Denise Catacutan with a glass vial

Source: © Blake Dillon of McMaster University

Researcher Denise Catacutan with a vial containing the antibiotic candidate enterololin

A new antibiotic that targets only a specific strain of bacteria, while sparing friendlier bacteria, might one day bring some respite to patients with inflammatory bowel diseases (IBD). The development of this antibiotic is part of the first wave of drugs whose development has been smoothed using AI.

Most of the antibiotics in use are broad spectrum so kill both harmful and friendly bacteria, causing imbalances in gut flora. This can become a serious problem for patients with IBD, such as Crohn’s disease. Patients with these conditions can find their intestines colonised by high levels of Enterobacteriaceae, especially an invasive strain of Escherichia coli. This invasive E. coli strain replicates within intestinal epithelial cells and macrophages and is resistant, on average, to four or more antibiotics. ‘Millions of people around the world suffer from Crohn’s, roughly 30% have [invasive E. coli] infections, and these patients don’t have ideal treatment options,’ says Jonathan Stokes, a computational chemist at McMaster University in Canada.

Stokes and his team screened a diverse collection of over 10,000 molecules and identified those that halted the growth of invasive E. coli. ‘Filtering’ these molecules through a series of computational and experimental ‘sieves’ yielded a molecule that they named enterololin that does not structurally resemble any known antibiotic. They also found that using enterololin with SPR741, which disrupts the outer membrane of Gram-negative bacteria, enhanced its lethality.

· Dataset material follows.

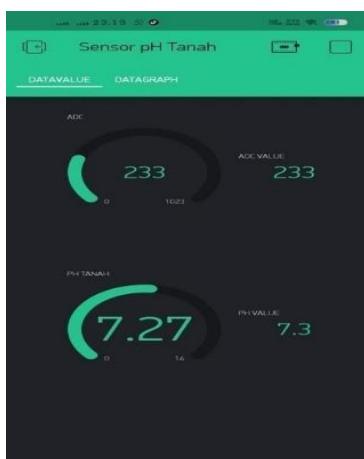
Gambar 7. Hasil Uji Coba User Blynk

Berdasarkan hasil pengujian yang ditampilkan pada aplikasi Sensor pH Tanah, sistem berhasil menampilkan nilai ADC (Analog to Digital Converter) dan nilai pH tanah secara real-time . Pada tampilan Data Value , nilai ADC yang terbaca sebesar 233, dengan hasil konversi pH sebesar 7,27. Nilai tersebut menunjukkan bahwa kondisi tanah berada pada kategori netral hingga sedikit basa, yang sesuai dengan kondisi ideal bagi pertumbuhan tanaman hias pucuk merah.

Experiments with different Gram-negative and -positive bacteria showed that only enterololin targets members of the Enterobacteriaceae family, while sparing other bacteria. When combined with SPR741, its minimum inhibitory concentration (MIC) was 30ng/ml, which is substantially lower than 1µg/ml, the MIC of many antibiotics. When mice infected with this invasive E. coli were treated with enterololin and SPR741, it eradicated all these bacteria from their intestines with negligible damage to friendly microbiota. Even at higher doses the mice didn’t show any adverse effects.

Molecular diagrams

Source: © Denise B. Catacutan et al, Nature Microbiology 2025

Conserved molecular substructures in enterololin (left) and previously discovered inhibitors of an important Enterobacteriaceae protein complex 

Next, the researchers employed a machine learning (ML) algorithm, a diffusion model that predicts binding poses for small molecules, to predict which protein complex enterololin targets. They found that it targets a complex that helps to make these bacteria resistant to large, hydrophobic antibiotics. Experimental work proved this prediction correct and enterololin was found to inhibit just this protein complex of the Enterobacteriaceae family, making it highly selective. The researchers estimate that this AI-driven approach saved them approximately two years of research and a million dollars. ‘Guided by ML, we [deciphered enterololin’s mechanism of action (MOA)] in six months for $60,000 (£46,000),’ says Stokes. ‘So far as I know, it’s the first time a diffusion model has been prospectively applied to help guide MOA elucidation, which is really exciting!’

Since the AI-aided discovery of halicin in 2020, there has been a flurry of novel antimicrobials that were designed or discovered by AI. What was earlier dependent on years of trial and error is being replaced by machine-learning algorithms producing novel antibiotic designs, tailor-made to target certain bacteria. Whether it’s sifting through hundreds of thousands of molecules to find a potent antimalarial, designing new antibiotics from scratch that can kill multidrug resistant bacteria or discovering an entirely new class of antibiotics, AI has helped to galvanise antimicrobial development. But so far, none of the AI-driven antimicrobials have made it through human trials and there’s still some scepticism about how useful AI will really be in drug discovery.

Olivier Espéli, a bacteriologist at Collège de France in Paris who wasn’t involved with the study, calls this work ‘particularly interesting and exciting’ and ‘encouraging’. ‘Being able to eliminate E. coli without altering what remains of the anti-inflammatory microbiota would be excellent news,’ he adds. He explains that allowing anti-inflammatory bacterium to multiply may ‘block the vicious cycle at play in Crohn’s disease’.

Maria Teresa Abreu, a gastroenterologist at Cedars–Sinai hospital in the US, who also wasn’t involved with the study, says the combination works but tests in human subjects are needed to assess its clinical potential. However, she has concerns that ‘the proof that it works in vivo is by [force feeding] mice with [invasive E. coli] and then demonstrating eradication in luminal contents of the cecum and colon’. This doesn’t address if the mice developed intracellular infection and if this combo can eradicate invasive E. coli hiding within macrophages.